4.1. Les impacts sur la qualité de l’air

Dans une lettre adressée au Ministre du Développement durable, de l’environnement et des parcs en janvier 2012, le CRECN demandait la mise en place d’un indice de la qualité de l’air (IQA) à Sept-Iles en ces termes :

« Considérant une forte présence d’industriels de grande envergure en périphérie de la ville et le contexte actuel de croissance économique rapide, où se multiplient les projets industriels (augmentation de production des grandes entreprises, nouveaux projets miniers et industriels), nous croyons qu’il est d’autant plus souhaitable d’avoir les outils nécessaires à un suivi en continu de la qualité de l’air à Sept-Iles. »

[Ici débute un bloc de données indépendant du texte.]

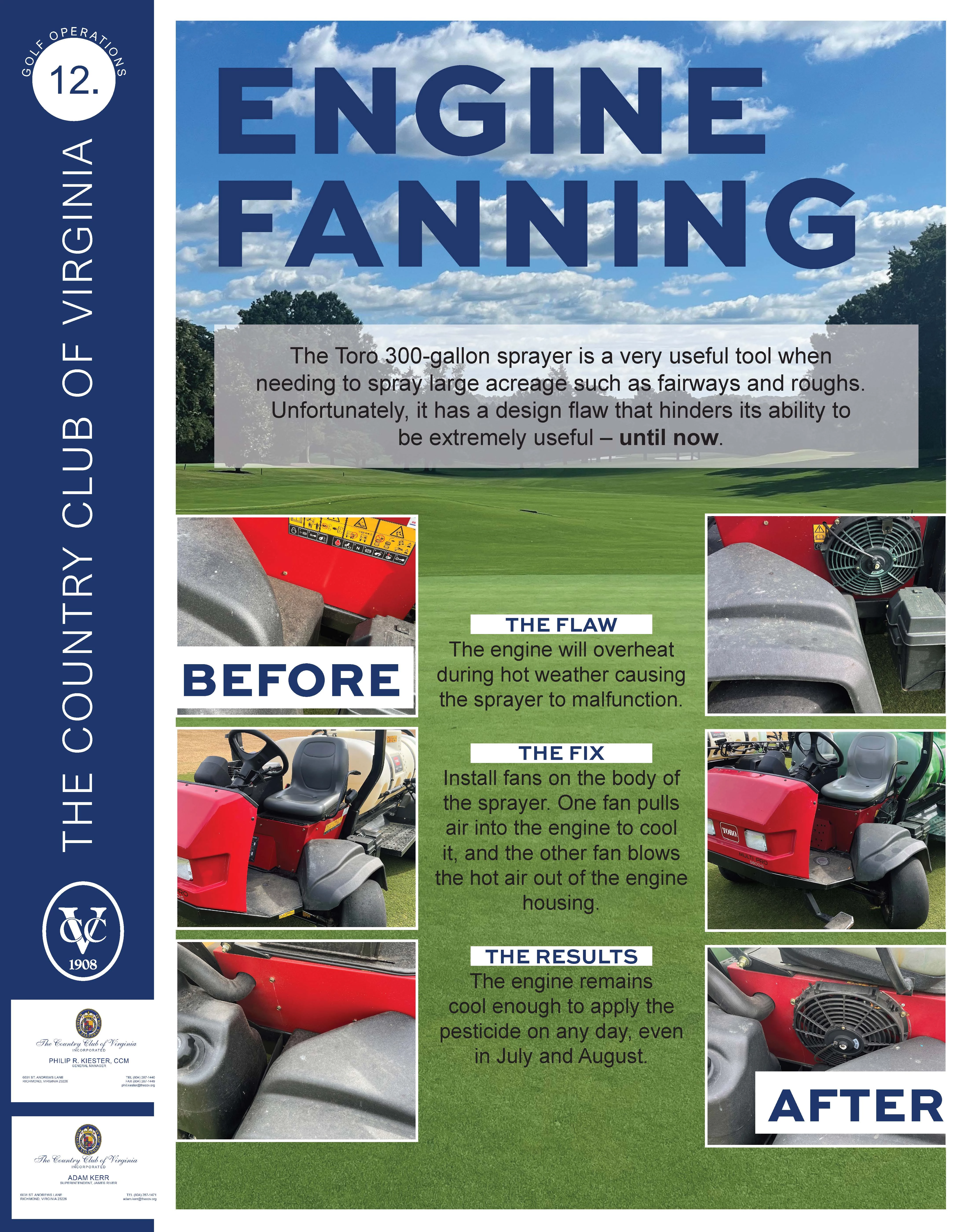 The Toro 300-gallon sprayer is a very useful tool in Golf Maintenance when needing to spray large acreage such as fairways and roughs. Unfortunately, it has a design flaw that hinders its ability to be extremely useful – until now. The flaw is that the engine will overheat during hot weather, causing the sprayer to stop spraying – and in extreme situations – shut completely off. We created a solution to fix the problem: installing fans on the body of the sprayer on each side of the engine. One fan pulls air into the engine to cool it, and the other fan blows the hot air out of the engine housing. This has resulted in keeping the engine cool enough to apply the pesticide on any day, even in July and August.

Suite aux appels répétés de la part de groupes de citoyens, de groupes environnementaux et de l’administration municipale, une caractérisation de la qualité de l’air a débutée depuis près d’un an réalisée par le MDDEFP. En complémentarité, une Table de concertation sur la qualité de l’air à Sept-Îles a été mise en place à l’initiative de la municipalité et de la Corporation de protection de l’environnement de Sept-Îles. Dans cette optique, et étant donné l’impact cumulatif potentiel sur la qualité de l’air que constituent les nombreux projets de développements, notamment parce que la baie et la communauté de Sept-Iles sont situées à l’Est, sous les vents dominants par rapport à la Pointe-Noire et au Canton Arnaud, le CRECN croit nécessaire que chaque industriel qui pourrait avoir un impact sur la qualité de l’air à Sept-Îles prenne part à la Table de concertation sur la qualité de l’air. Pour cette raison, il salue l’initiative de Mine Arnaud de participer à cette Table de concertation depuis ses débuts. Il considère d’ailleurs qu’il est important que Mine Arnaud communique les données d’échantillonnage de ses deux stations à l’instance qui sera désignée par la Table de concertation sur la qualité de l’aire de Sept-Îles pour mettre à jour l’information sur la qualité de l’air. Le CRECN reconnait l’engagement de Mine Arnaud de mettre en place deux stations d’échantillonnage près des résidences pour s’assurer du respect des normes en tout temps. Il se questionne, par contre, sur les dépassements de la norme envisagés pour les particules totales principalement à la résidence 5 avec la concentration maximale. Bien que la base de calcul pour la concentration initiale soit considérée comme conservatrice, les résidents de Sept-Îles subissent d’ores et déjà les effets cumulatifs de la forte présence d’industries dans leur environnement à plusieurs niveaux et il est important que Mine Arnaud ne constitue pas l’objet de dépassements de la norme sur la qualité de l’air. Si les analyses avec la 2e concentration ne présentent pas de dépassement, par ailleurs, se situer à 1% sous la limite de la norme constitue, selon le CRECN une source de préoccupation. L’organisme rappelle que la limite de 120µg/m3 de particules totales dans l’air ambiant est une concentration maximale et que l’objectif de l’industrie devrait être de s’en éloigner le plus possible.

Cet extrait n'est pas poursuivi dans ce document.